Items listed in a dataset:
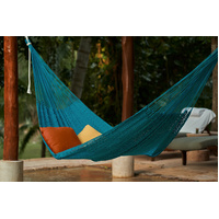 Outdoor cotton hammocks are built for heavy use or play in the great outdoors. They're pet and child friendly and are more weather resistant than our traditional cotton hammocks; the cotton string is 3 to 4 times thicker. Hanging these hammocks undercover will ensure a long life. If hung outside just unhook them when not in use, easy to do with our Tree Straps.
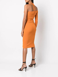 asymmetric knitted dress carrot orange stretch-wool ribbed knit asymmetric neck halterneck tie fastening one-shoulder pencil silhouette straight hem mid-length Imported Composition Body: Wool 95%, Elastane 5% SIZE & FIT Model measurements Height 5 ft 10 in(1.77 m) Bust/Chest 33.85 in(86 cm) Hips 35.03 in(89 cm) Waist 24.01 in(61 cm) Measurement SLEEVE LENGTH 25.51 in(64.8 cm) HIPS 24.01 in(61 cm) LENGTH 42 in(106.7 cm) WAIST 22 in(55.9 cm) BUST 25.98 in(66 cm) FittingInformation This piece fits true to size. We recommend you get your regular size Cut for a close fit Made with a mid-weight fabric
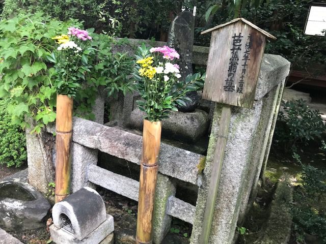 松尾芭蕉のお墓 。そのすぐ近くに、木曽義仲のお墓。
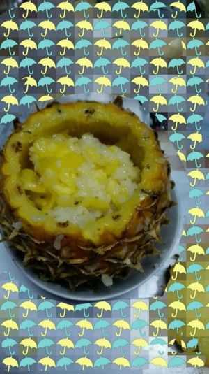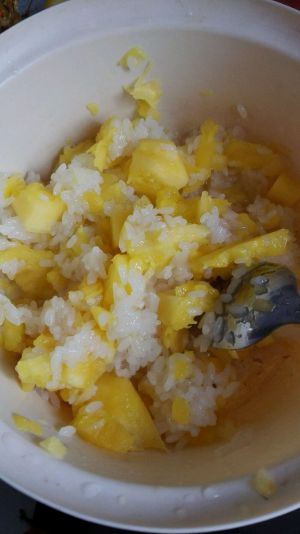 把挖出来的菠萝放在盐水里浸泡会,和上刚煮好的糯米饭,搅拌均匀。其实当中少了个步骤,姐忙着赶紧吃菠萝饭,懒的拍照了,各位妹子就是用你们那白嫩的小手,随便抓两把糯米,洗干净,放一点点水,糯米放在碗里,水只要没过糯米一点点就好啦,不能把糯米暴露在外,放在蒸锅上蒸半小时,这样煮出来的饭软香糯。
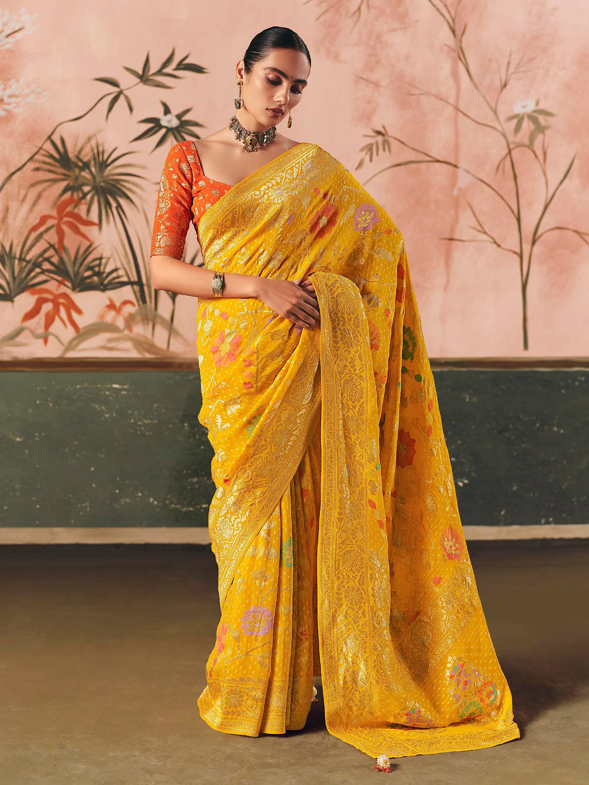 Mustard Yellow Bandhej Georgette Saree With Elegant Zari Work
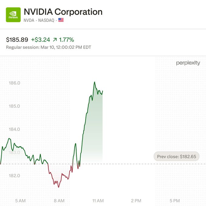 With GTC kicking off March 16, $NVDA is up ~2% as trader attention shifts to the Vera Rubin platform roadmap and Huang's AI infrastructure framing. TSMC's 30% revenue growth in Jan-Feb with traders zeroed in on Blackwell demand as the key read-through. Retail streams tracking CapEx ROI debate alongside the GTC catalyst as $NVDA holds a ~70% gain over the past year while slightly down YTD.
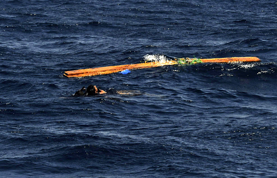 11月17日,亞丁灣,3名漁民抱著木板在海面上漂流3天后獲救。據悉,他們遭遇了十幾名名疑似海盜的劫持,海盜們讓其選擇或跳海逃生或被殺死。圖片來源:中國新聞網
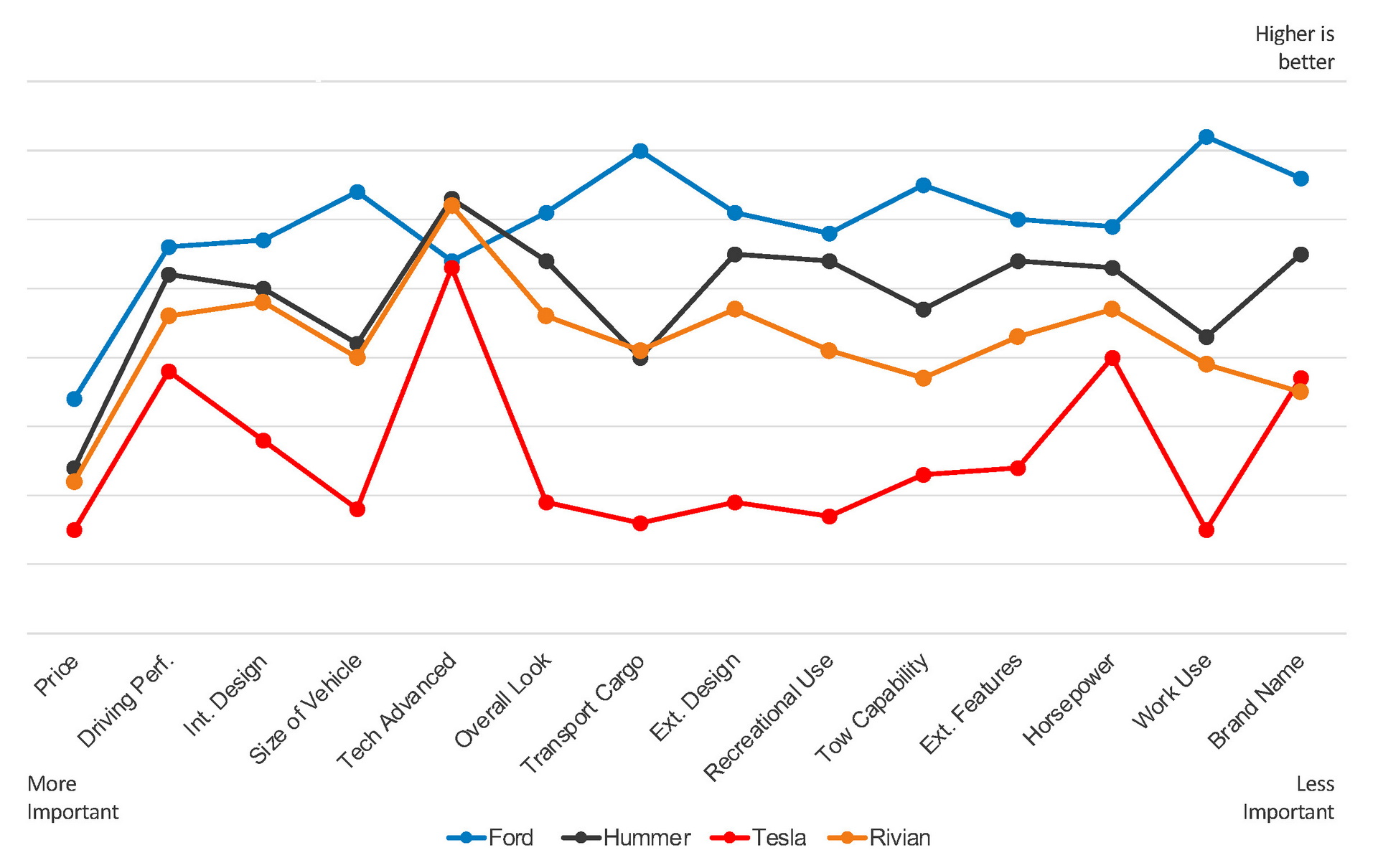 Indeed, when Cox Automotive ranked each attribute of each truck, the Rivian’s weakest attribute is its brand name. For Ford, though, there was just one attribute in which is ranked lower than the rest of the brands: advanced tech.
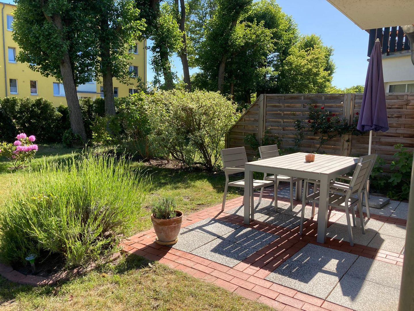 Moderne 2-Zimmer-Ferienwohnung mit großer Terrasse und Garten in Zingst, nahe Ostsee und Bodden, ideal für bis zu 3 Personen.
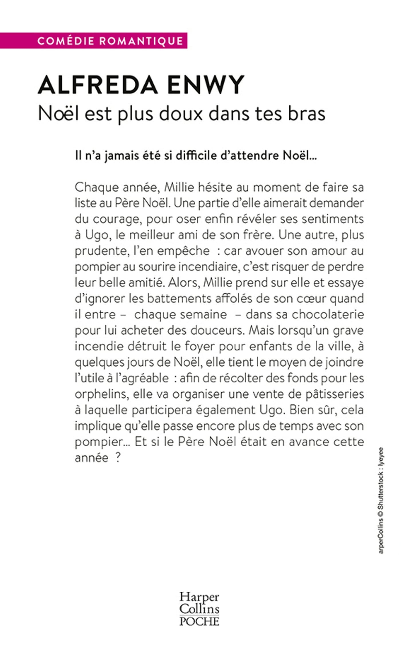 Chaque année, Millie hésite au moment de faire sa liste au Père Noël. Une partie d’elle aimerait demander du courage, pour oser enfin révéler ses sentiments à Ugo, le meilleur ami de son frère. Une autre, plus prudente, l’en empêche : car avouer son amour au pompier au sourire incendiaire, c’est risquer de perdre leur belle amitié. Alors, Millie prend sur elle et essaye d’ignorer les battements affolés de son cœur quand il entre – chaque semaine – dans sa chocolaterie pour lui acheter des douceurs. Mais lorsqu’un grave incendie détruit le foyer pour enfants de la ville, à quelques jours de Noël, elle tient le moyen de joindre l’utile à l’agréable : afin de récolter des fonds pour les orphelins, elle va organiser une vente de pâtisseries à laquelle participera également Ugo. Bien sûr, cela implique qu’elle passe encore plus de temps avec son pompier… Et si le Père Noël était en avance cette année ?

* [Task item]
Give back every entry verbatim. No pictures belong in the copy.

* [Written reply]
 Outdoor cotton hammocks are built for heavy use or play in the great outdoors. They're pet and child friendly and are more weather resistant than our traditional cotton hammocks; the cotton string is 3 to 4 times thicker. Hanging these hammocks undercover will ensure a long life. If hung outside just unhook them when not in use, easy to do with our Tree Straps.
 asymmetric knitted dress carrot orange stretch-wool ribbed knit asymmetric neck halterneck tie fastening one-shoulder pencil silhouette straight hem mid-length Imported Composition Body: Wool 95%, Elastane 5% SIZE & FIT Model measurements Height 5 ft 10 in(1.77 m) Bust/Chest 33.85 in(86 cm) Hips 35.03 in(89 cm) Waist 24.01 in(61 cm) Measurement SLEEVE LENGTH 25.51 in(64.8 cm) HIPS 24.01 in(61 cm) LENGTH 42 in(106.7 cm) WAIST 22 in(55.9 cm) BUST 25.98 in(66 cm) FittingInformation This piece fits true to size. We recommend you get your regular size Cut for a close fit Made with a mid-weight fabric
 松尾芭蕉のお墓 。そのすぐ近くに、木曽義仲のお墓。
 把挖出来的菠萝放在盐水里浸泡会,和上刚煮好的糯米饭,搅拌均匀。其实当中少了个步骤,姐忙着赶紧吃菠萝饭,懒的拍照了,各位妹子就是用你们那白嫩的小手,随便抓两把糯米,洗干净,放一点点水,糯米放在碗里,水只要没过糯米一点点就好啦,不能把糯米暴露在外,放在蒸锅上蒸半小时,这样煮出来的饭软香糯。
 Mustard Yellow Bandhej Georgette Saree With Elegant Zari Work
 With GTC kicking off March 16, $NVDA is up ~2% as trader attention shifts to the Vera Rubin platform roadmap and Huang's AI infrastructure framing. TSMC's 30% revenue growth in Jan-Feb with traders zeroed in on Blackwell demand as the key read-through. Retail streams tracking CapEx ROI debate alongside the GTC catalyst as $NVDA holds a ~70% gain over the past year while slightly down YTD.
 11月17日,亞丁灣,3名漁民抱著木板在海面上漂流3天后獲救。據悉,他們遭遇了十幾名名疑似海盜的劫持,海盜們讓其選擇或跳海逃生或被殺死。圖片來源:中國新聞網
 Indeed, when Cox Automotive ranked each attribute of each truck, the Rivian’s weakest attribute is its brand name. For Ford, though, there was just one attribute in which is ranked lower than the rest of the brands: advanced tech.
 Moderne 2-Zimmer-Ferienwohnung mit großer Terrasse und Garten in Zingst, nahe Ostsee und Bodden, ideal für bis zu 3 Personen.
 Chaque année, Millie hésite au moment de faire sa liste au Père Noël. Une partie d’elle aimerait demander du courage, pour oser enfin révéler ses sentiments à Ugo, le meilleur ami de son frère. Une autre, plus prudente, l’en empêche : car avouer son amour au pompier au sourire incendiaire, c’est risquer de perdre leur belle amitié. Alors, Millie prend sur elle et essaye d’ignorer les battements affolés de son cœur quand il entre – chaque semaine – dans sa chocolaterie pour lui acheter des douceurs. Mais lorsqu’un grave incendie détruit le foyer pour enfants de la ville, à quelques jours de Noël, elle tient le moyen de joindre l’utile à l’agréable : afin de récolter des fonds pour les orphelins, elle va organiser une vente de pâtisseries à laquelle participera également Ugo. Bien sûr, cela implique qu’elle passe encore plus de temps avec son pompier… Et si le Père Noël était en avance cette année ?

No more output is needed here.